SH: Did you ever feel that the supplies and the manpower and the equipment, were being led to the European Theater more readily than they were the Pacific Theater?

CD: I don't think I ever said we didn't have the equipment we needed.

RS: Is it true that there is a science to how they would load the LSTs, or how they would usually put jeeps and everything in the back? Then, did you still do that with not being part of the invasion force?

CD: There definitely was a science to it, but, again, the Army really called a lot of the shots on that because they were the ones who are going to be using it. We went in and said, "Here you are, boys, take over you're the one who's going ashore." Even with the personnel sometimes I felt guilty, in a sense, that you take them in and drop them off, and you put your boat in reverse and pull your stern anchor and off the beach you go and back to the ship. The Army, they had to go in and trudge through the sand, and the mud, and find a place to pitch their tent, I guess.

SH: What about the Marines? Did you have any interaction with the Marines?

CD: I don't think we had too many Marines on; there might have been a few with the Army. I don't recall, in thePhilippines, I know we made a few D-Day landings there in lesser islands, Cebu and Mindanao. ... That came up in the news here not too long ago, that Mindanao is where the terrorists were weeded out. We went in there, but if we had gone in for D-Day landings more, I'm sure we'd have more Marines.

SH: When you transferred to the other ship in March of '45, you were then onboard that ship, when the war was over in Europe. Was there any reaction to that on your ship?

CD: We heard through the radio. The LST-454 was one of the original ships that were built, so that was an older ship, and we didn't even have radar. The LST-667 was one of the newer ones and that had radar on it, but we had radio communications within our own flotilla, and we heard of the atomic bomb, but I don't think we really knew what the atomic bomb was at that time or until later on that day, or the next day that it was a catastrophic bomb that was dropped.

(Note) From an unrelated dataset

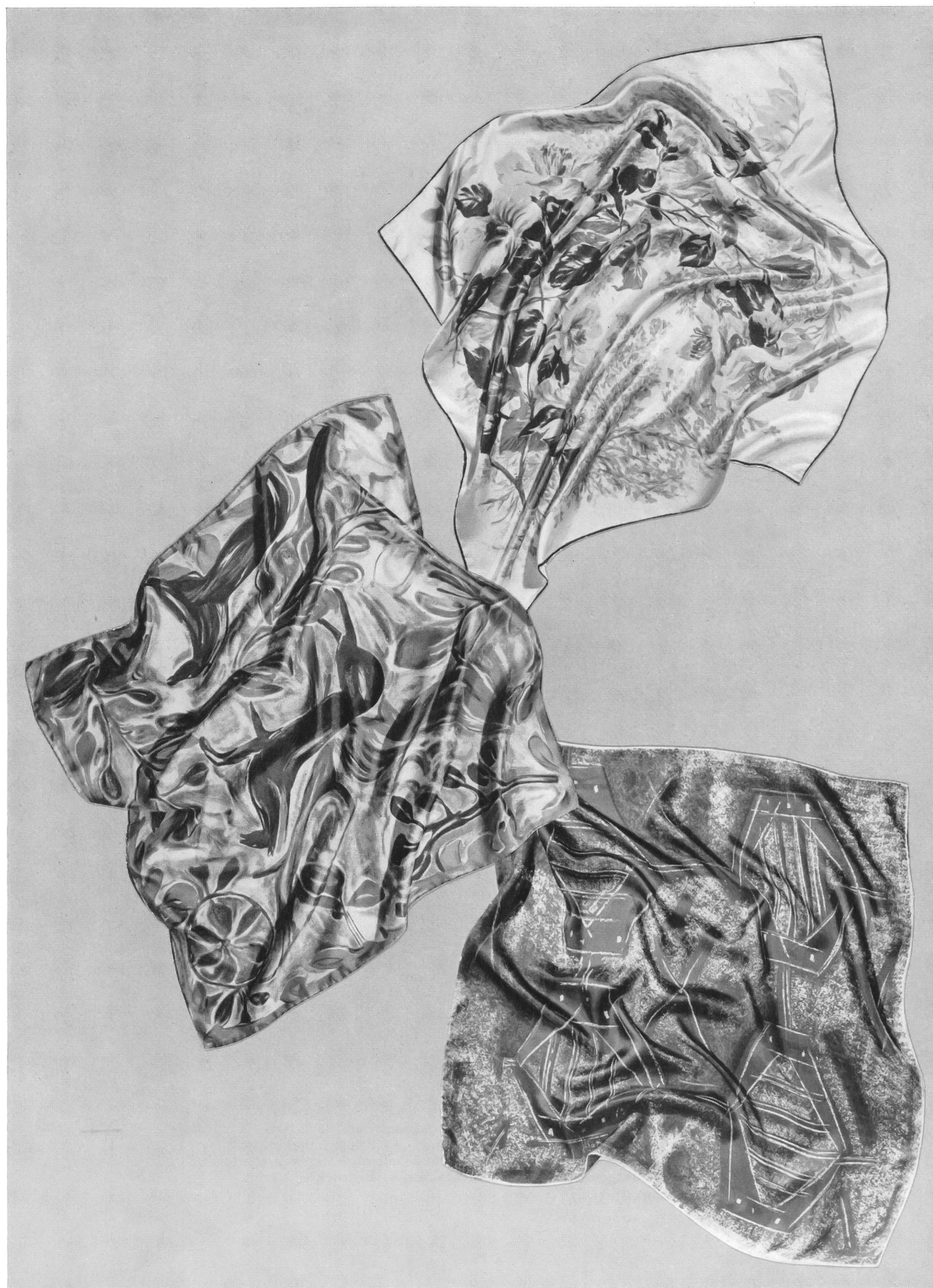
MAVIR, ZURICH Foulards imprimés sur pure soie et rayonne. Pure silk and rayon printed squares. Cuadrados estampa- dos sobre seda pura y rayón. Bedruckte Kopf- tücher in reiner Seide und Rayonne.

We didn't realize what had happened.

SH: Do you remember where you were and what you were doing when the word came that the surrender was in fact going to happen?

CD: I think we were underway and in a convoy, probably to go pick up another load of something, and I don't know that we were diverted then or not.

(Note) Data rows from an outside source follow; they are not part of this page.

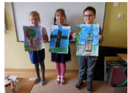
Uczniowie prezentują swoje dzieła malarskie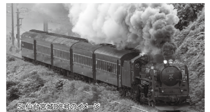
SL仙台宮城DC号のイメージ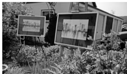
Garten und Kunst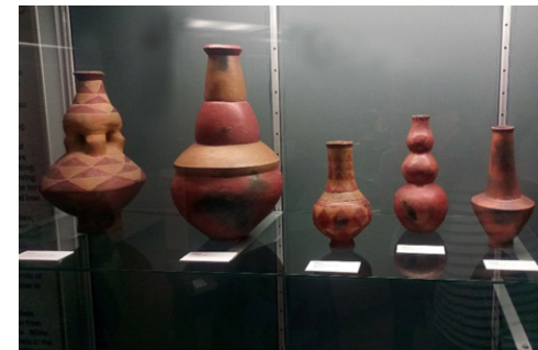
Görsel 19. Arkeolojik kazılardan elde edilen seramikler, Iziko Müzesi

Kendi kültürel kimliklerini kaybetmeden büyük bir gayretle sanatını sürdüren yukarıda bahsi geçen sanatçıların dışında Güney Afrika'da seramik sanatına ve sanatçılara destek vererek seramik eserleri bünyesinde barındıran Iziko Müzesi gibi kurumlar da bulunmaktadır. Iziko, Güney Afrikalı sanatçıların çağdaş eserlerinin yanı sıra Asya, Avrupa, Afrika seramiklerine de sahiptir. Müzedeki seramikler; yüz yıldan fazla bir süredir arkeolojik kazılardan, özel bağışlardan, sanat galerilerinden, açık arttırmalardan ve hepsinden önemlisi de sanatçılardan satın alınarak elde edilmektedir.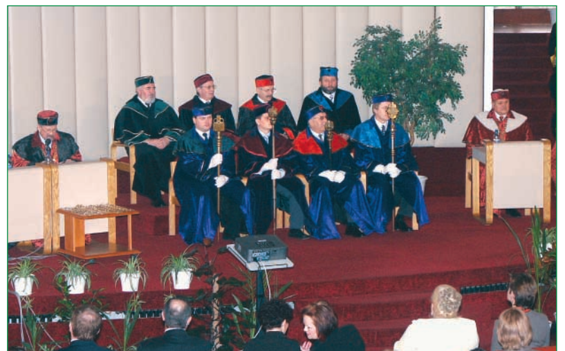
Za prítomnosti akademickej obce a hostí si novozvolené spektakulárnosti prevzali dekanové reťaze, symboly svojich fakúlt.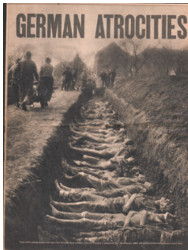
Pokop žrtev in velik naslov v časopisu, da gre za nemške zločine.

činov«. Med njimi je tudi slika poboja 1300 političnih jetnikov iz vse Evrope, ki so bili v nacističnem taborišču Boelke Ka-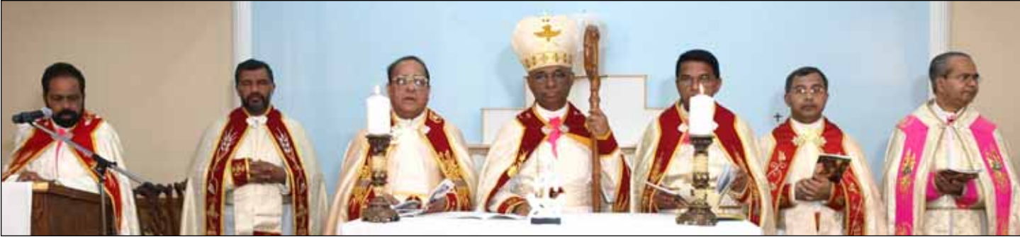
Blessing of Holy Family Church in Atlanta and declaration of the Holy Family Knanaya Catholic Parish in Atlanta.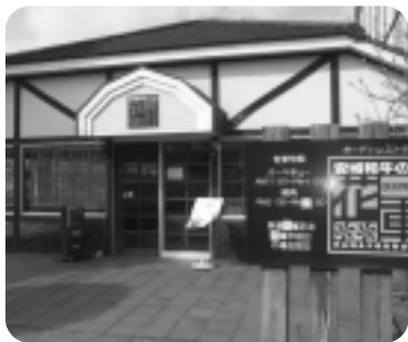
▲安城和牛の店「花車」

今回ご紹介する事業所は安城産業文化公園デンパーク内にある、安城和牛の「花車」やフローラルプレイス内の「デキタツテ・トレタツテ工房」・マーガレットハウス内「バーンパーティー」を経営する株ネクスト。デンパークの人気商品ソーセージはフローラルプレイス内にある工房で作られ、販売するソーセージ・ハムはなんと30種類！もちろん安城産の豚肉を使用しています。「花車」ではこの手作りソーセージの食べ放題（大人1,500円）が大盛況とのこと。（土・日限定。※貸切の日は中止）ここでは安城和牛を使った焼肉やハンバーグも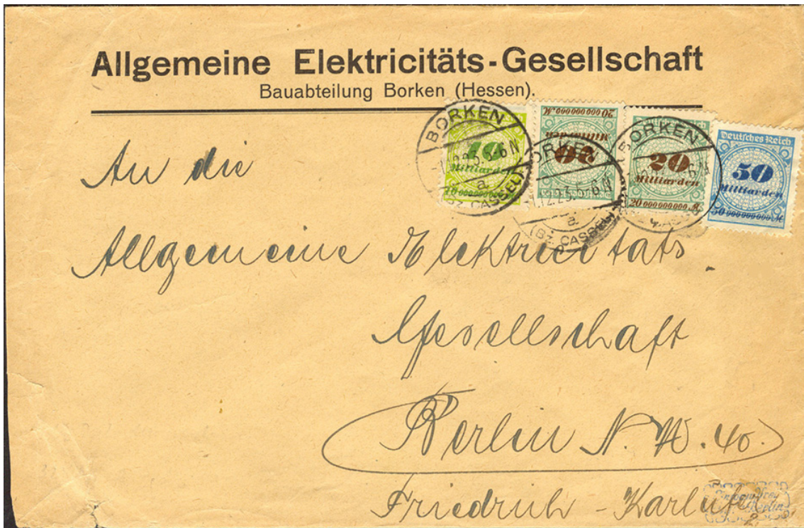
Fernbrief bis 20g, 328 AP + 2x329 AP + 330 AP, 1.12.1923, PP-Ersttag

Und noch ein leicht berechenbares Porto vom 1.12.1923.

SH: Was there any celebration?

CD: I think after the war there was probably some high fives maybe, and what not, [laughter] but I don't think we quite realized when the first bomb was dropped anyway that the war was going to end. But then after the second one, when we got word, probably some jubilation and particularly by a couple of the older officers like Dave Morrison, the captain, he was not a regular, but he had been in earlier on and I guess soon after the Armistice, the Navy announced that if you had a certain number of points, you were going to be released, and Dave was married already at that time, and so I'm sure he was happy knowing he was going to be released. I think was V-J Day +9 that we went up into the Tokyo harbor at that time.

SH: Really?

CD: Yokohama, yes, and, of course, at that time we knew what was going on already, the Armistice had been signed.

SH: What were your orders at that point then?

CD: I don't really know why we were sent there other than perhaps it was the show of force. We didn't carry anything that I know of. If I recall, we were in the harbor. We never docked, we never had anything unloaded.

SH: Did you go ashore?

CD: We did. We went ashore a couple of times. I think we were there for probably four, five days. I don't remember exactly.

SH: So you were in Tokyo Bay.

CD: Yokohama Bay, yes, but we went ashore and we're pretty much free to come and go around Tokyo. I have a receipt there from a restaurant where we went into and had dinner in Tokyo and pictures of the bombed out buildings. Some of the liberty I recall being on was an overhead train running around Tokyo. We weren't really restricted and didn't have any problems with the Japanese at all. So, I don't know what the reason was that we went in other than a show of force. Maybe we were nearby, in the Philippines, and MacArthur said, "Let's go in and show them that we're still alive."

SH: In some of the photographs that we have here, your ship is transporting Japanese prisoners. Can you tell us how you came to have Japanese prisoners of war onboard?

CD: All these pictures here were taken with Australian Army personnel guarding Japanese captured Army. There were quite a few Australian in that those Philippine invasions. They had them in confinement on the islands, and we took them to centralized locations where they had prison camps. ... As a whole, we had no problem with them, whatsoever. I think, they were as happy as a pig in mud to be onboard. They got three square meals, and you gave them a hammer and put them on deck to chip paint. ... I don't recall any uprisings whatsoever, yes, and they were all Australian personnel that were guarding them.

SH: Was this well before the war was over, that you were transporting these Japanese prisoners of war?

CD: Yes. I don't think we carted any of them after the war.

SH: How did the men treat them on the whole?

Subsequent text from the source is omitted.